### ACTIVITY
Look below for the line with "This stylish jacket, crafted", then repeat it and all lines after it, exactly, minus any pictures.

++++ DATA BLOCK

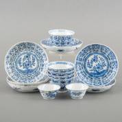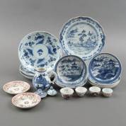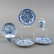 Divers Chinees porselein, bestaande uit: geschulpte kom en schotel met blauw-wit bloemdecor, 18e eeuw -randschilfers-, drie schotels met blauw-wit decor van figuren en bloemen, 19e eeuw -randschilfers, één schotel met gelijmde breuk en scherf-, en miniatuur vaasje met decor van vogels en vlinders, 19e eeuw -haarlijn-, vaasje 7,5 × Ø 5 cm
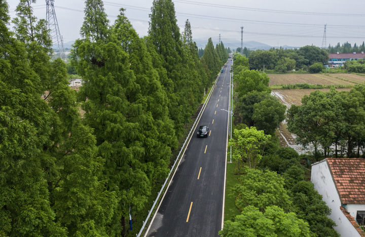 在浙江省諸暨市趙家鎮(zhèn)上京村拍攝的改造提升后的縣道(2024年6月4日攝,無人機(jī)照片)。新華社記者 徐昱 攝
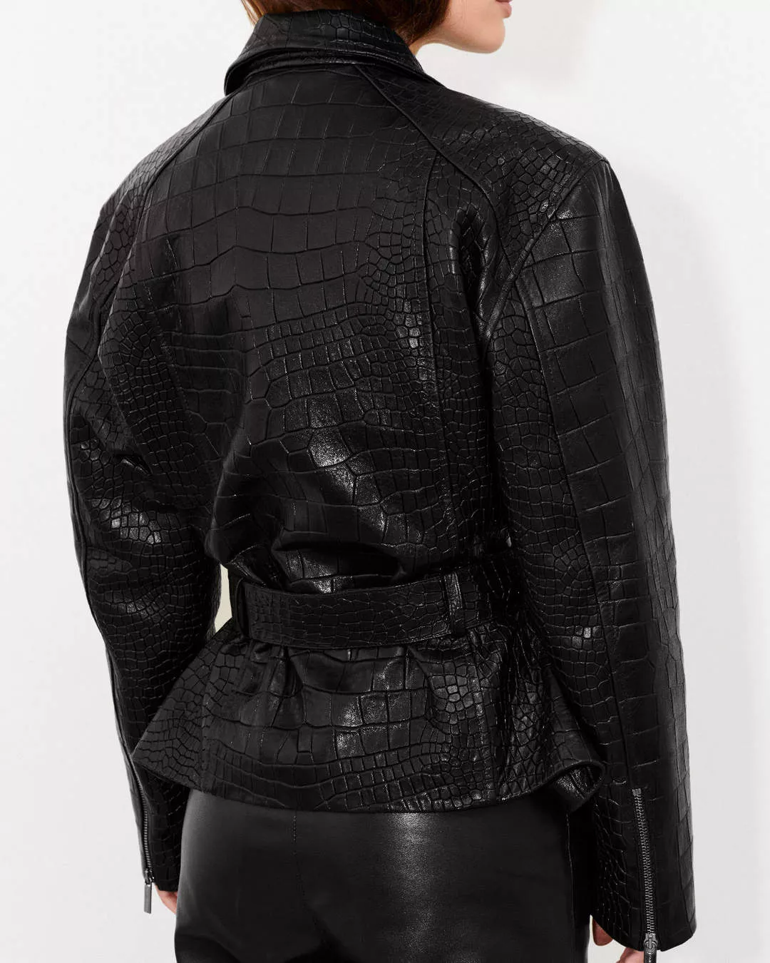 This stylish jacket, crafted from high-quality embossed lambskin, is perfect for women who value distinctive design and timeless elegance. This fashionable oversized jacket boasts a crocodile-inspired structure and refined details that lend a luxurious touch.
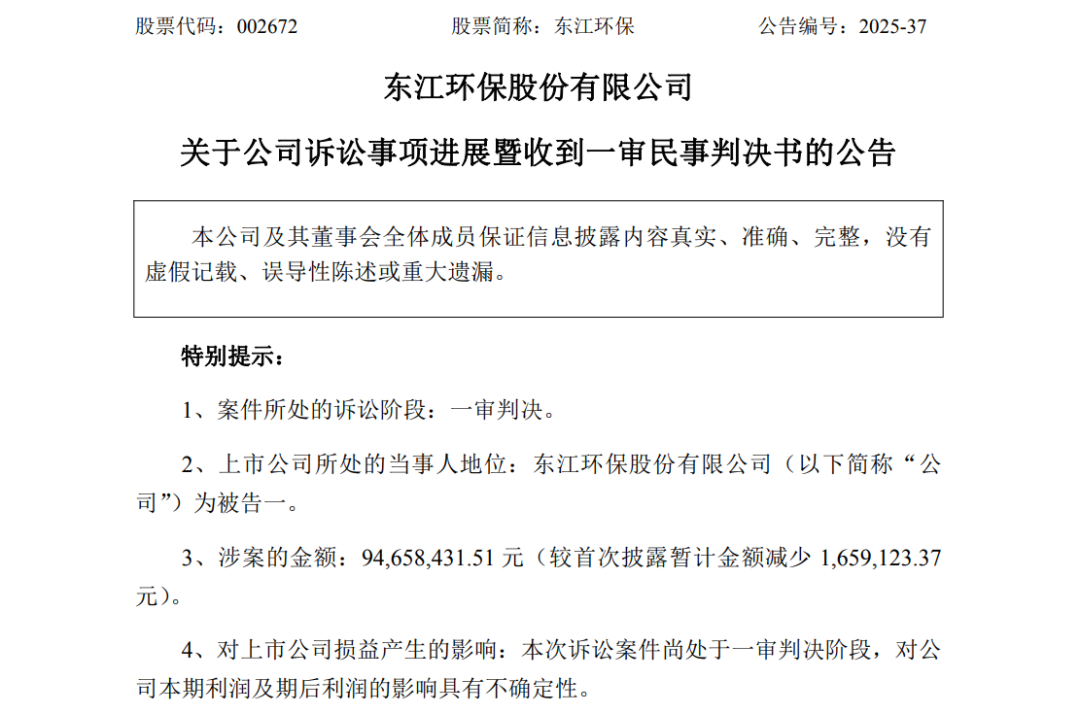 在東江環(huán)保于2024年8月21日發(fā)布的公告中,詳細(xì)說明了此次案件的始末:

++++++++

### REPLY
 This stylish jacket, crafted from high-quality embossed lambskin, is perfect for women who value distinctive design and timeless elegance. This fashionable oversized jacket boasts a crocodile-inspired structure and refined details that lend a luxurious touch.
 在東江環(huán)保于2024年8月21日發(fā)布的公告中,詳細(xì)說明了此次案件的始末:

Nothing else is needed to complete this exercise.